I don't know though, he never sounds interested in even pursuing anything with any of the women he dates. he just wants to take them out and have sex, and nothing he has ever said demonstrates ANY real interest in a long term relationship - and I mean with any of these girls AND in general

Posted
I don't know though, he never sounds interested in even pursuing anything with any of the women he dates. he just wants to take them out and have sex, and nothing he has ever said demonstrates ANY real interest in a long term relationship - and I mean with any of these girls AND in general

 

I agree with your assessment, HansonGirl. I have had guy friends do this. It doesn't mean that he has real feelings yet for Marie but I agree he holds her in higher regard than the girls he churns and burns. He's not looking for a relationship so can't really process relationship type decisions just yet. Subconsciously though he knows he can't burn the one he has with her because there may be future opportunity there. Several of my guy friends did this. When they were ready, they picked a girl from our group, who had just been a "friend" all along. She should do her thing though because who knows when and if that day will come.
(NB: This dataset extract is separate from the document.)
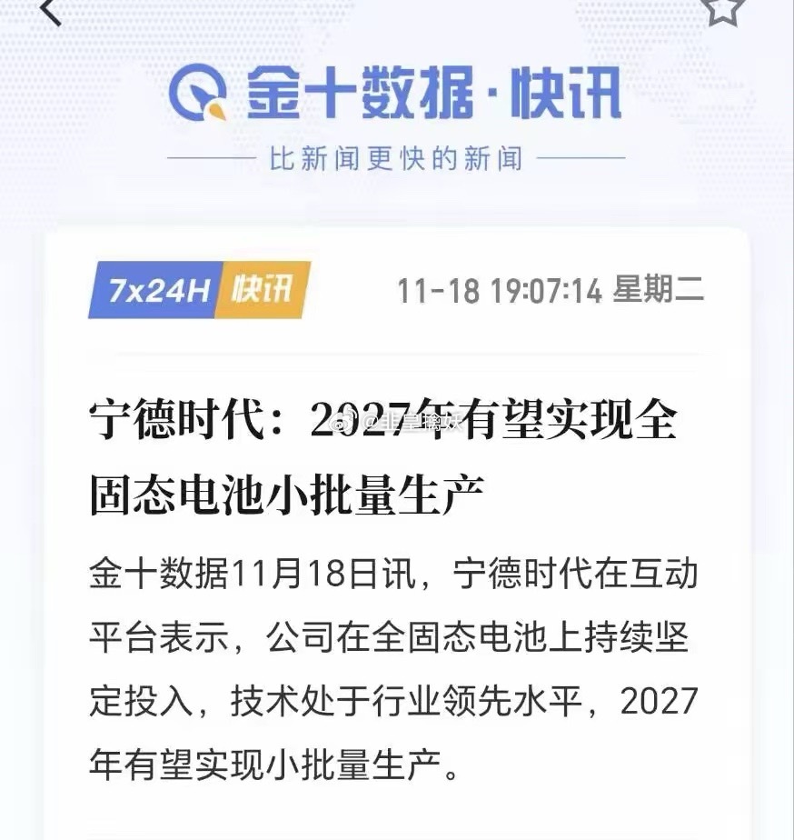 固态电池进展加快,宁德原计划2030年才能量产,现在时间大大提前了。2027年开

In fact, maybe the easiest way to make it come faster is for her to date other guys and he will hear about it or see it.

  • Like 1
Posted
I don't know though, he never sounds interested in even pursuing anything with any of the women he dates. he just wants to take them out and have sex, and nothing he has ever said demonstrates ANY real interest in a long term relationship - and I mean with any of these girls AND in general

 

He's meh about them. OLD works a certain way, it's been explained on here but I don't think a lot of people buy it, so I won't bother. I'll just tell you one thing. As a guy who's fairly attractive, it's very easy to get sex with women who I don't find attractive. I've used OLD, almost every girl I met didn't look quite as attractive as in her pics.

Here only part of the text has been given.